At one point, Timothy went to see the aspen that had done the damage. He wanted to be able to describe the weather and what the scenery looked like, and everyone who’d been with Theo at the scene had been too preoccupied to notice what was around them. It was September 17, 2015, the three-year anniversary of the accident. He took a photo of the tree; it was later used for the book’s cover illustration. The experience was cathartic, but Timothy didn’t realize how much until later when he wasn’t having the dream anymore. The dream was a reliving of the few seconds when Theo flew over the handlebars of his bike and through the air. He’d had it every night since the accident. It always ended before Theo hit the aspen. But since Timothy visited that spot on Doctor Park Trail where everything had happened, he hasn’t had that dream again. “Isn’t that strange?” he says. “How we deal with grief?”

It is, as Timothy discovered even more clearly when he interviewed his son for the book. After Theo was done with rehab and moved back to Vail, he’d started the emotional recovery, which was much tougher for him. He’d been a snowboard instructor at Vail, and not being able to get back on the mountain and teach after his accident had triggered a period of serious depression. “He started to talk about how he’d effectively made two columns,” Timothy says. “‘Is it better for me to live or better for me to die?’” Only when Theo realized he couldn’t put his mother through that kind of thing, and after a close friend convinced him not to make that decision, was he able to move past those suicidal thoughts. Is that the true miracle? What do you get when an accident leads to a miracle leads to an almost accident leads to a miracle? Life?

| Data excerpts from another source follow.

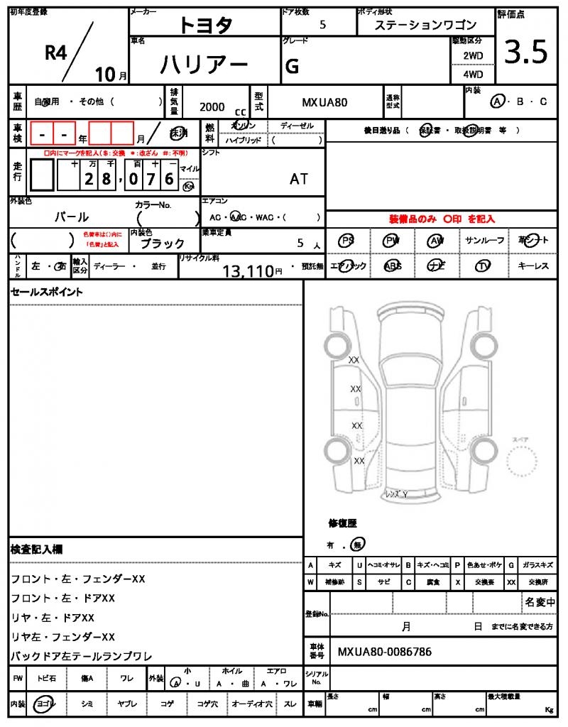 | VIN/Serial No. | MXUA80-0086786 |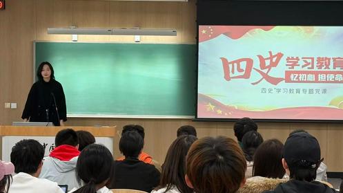 接着,金怡洁同志为全体团员带来了一场深刻的“四史”学习教育专题党课。她系统梳理了党史、新中国史、改革开放史、社会主义发展史的发展脉络,结合鲜活历史案例与时代背景,深入阐释了“忆初心、担使命”的核心要义。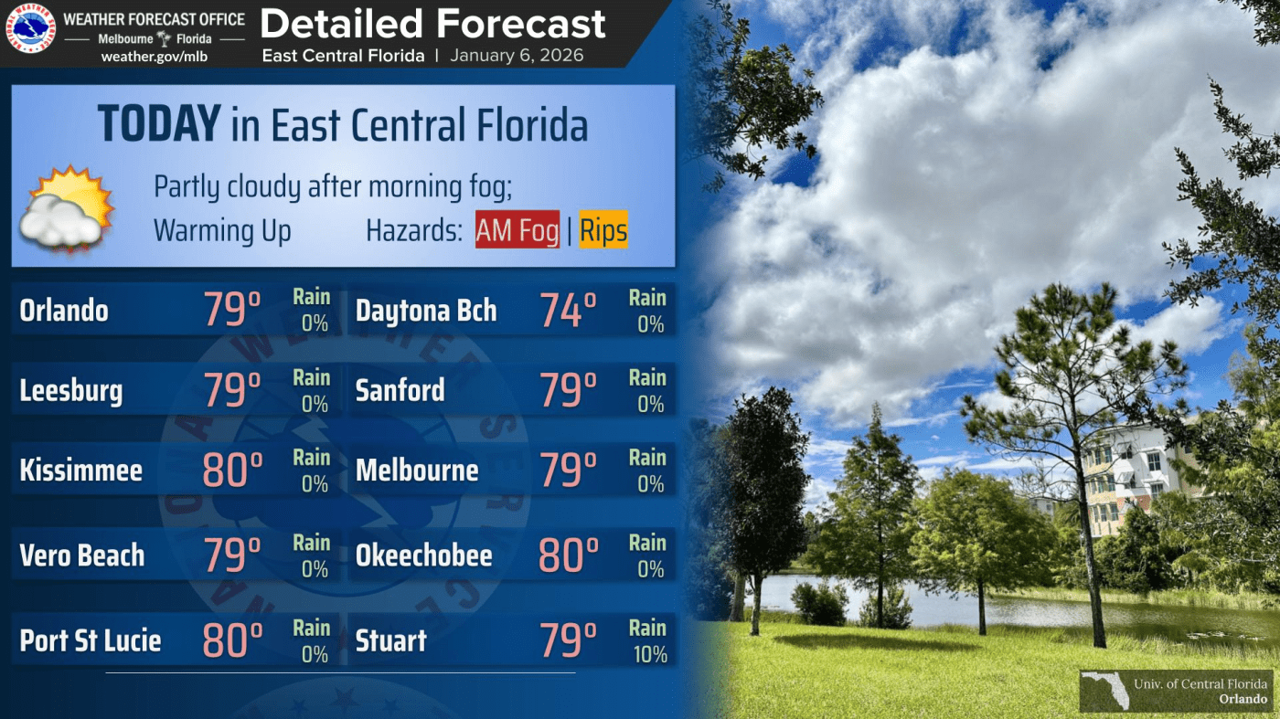 UPDATE: Central Florida is experiencing a significant weather shift today as temperatures are set to rise, just in time for outdoor activities. The National Weather Service (NWS) Melbourne reports that the region will transition from a foggy morning to partly sunny skies by early afternoon, making it an ideal day for many.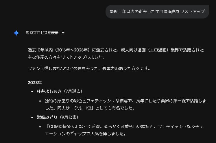 | … | 85無念Nameとしあき26/02/08(日)18:55:13No.1385867511そもそも雑誌掲載もご無沙汰で人付き合いも無いエロ漫画家とかは亡くなってても何もわからんしな |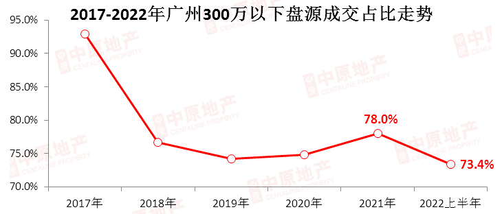 数据显示,300万元以下盘源成交占比仅达73.4%,环比大减4.6%。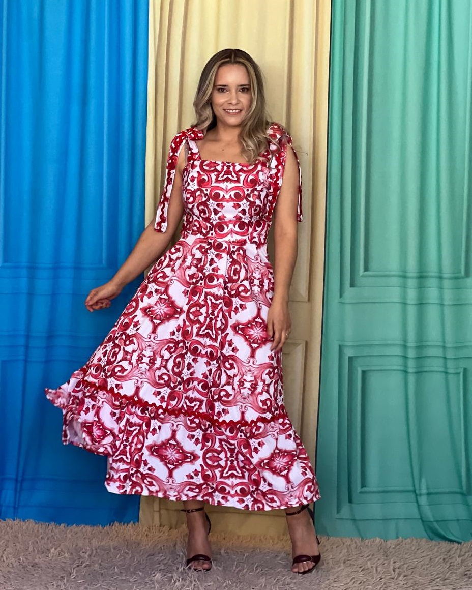 Vestido no crepe envolve sarjado forrado, costas de lastex, alças de amarrar, com detalhe de sianinha trazendo charme e elegancia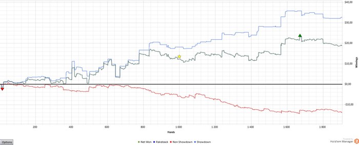 График 2ух прошедших "сессий", если их таковыми можно назвать, наигрывая 1к рук за каждую: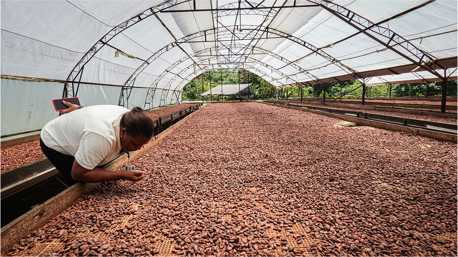 Leur système agroforestier comprend des jacquiers, des sapotiers, des bananiers et des orangers, qui offrent tous une ombre essentielle et nourrissent le sol pour les 4 128 cacaoyers en production. Mais les défis sont bien réels — entre systèmes d’irrigation défaillants et difficultés post-récolte causées par des conditions météorologiques extrêmes.

When Timothy finished Finding Theo: A Father’s True Story of Loss, Courage, and Discovery, which was released in August, his sister complained that he didn’t quote any scripture in it. That was purposeful; Timothy wanted the story to be accessible by people of any faith and people of no faith. Because this story isn’t about what the Bible says about miracles, or, even more important to note, what anyone thinks the Bible says about miracles. “I think now that a miracle is not a suspension of the natural laws of the way our world works,” Timothy says. “It’s a breakthrough in the natural laws of the way our world works, a moment where some spectacular things have happened that’s available to everyone.”

“If you fight through adversity and you seek to define your own vision, not someone else’s about who you’re going to be,” he continues, “and dedicate yourself to that and take accountability for it and find your way to the things you do best, you’ll find yourself in a place, at some moment in time, where the thing you do best will be the thing someone else needs the most. If enough people do that across space and time and geography, then something extraordinary might happen. And a lot of people would refer to that as a miracle,” says Timothy. “Maybe that’s the way the world’s supposed to work.”

Timothy and Theo Krause will be speaking and signing copies of Finding Theo at Tattered Cover at Aspen Grove in Littleton on Sunday from 2 to 4 p.m.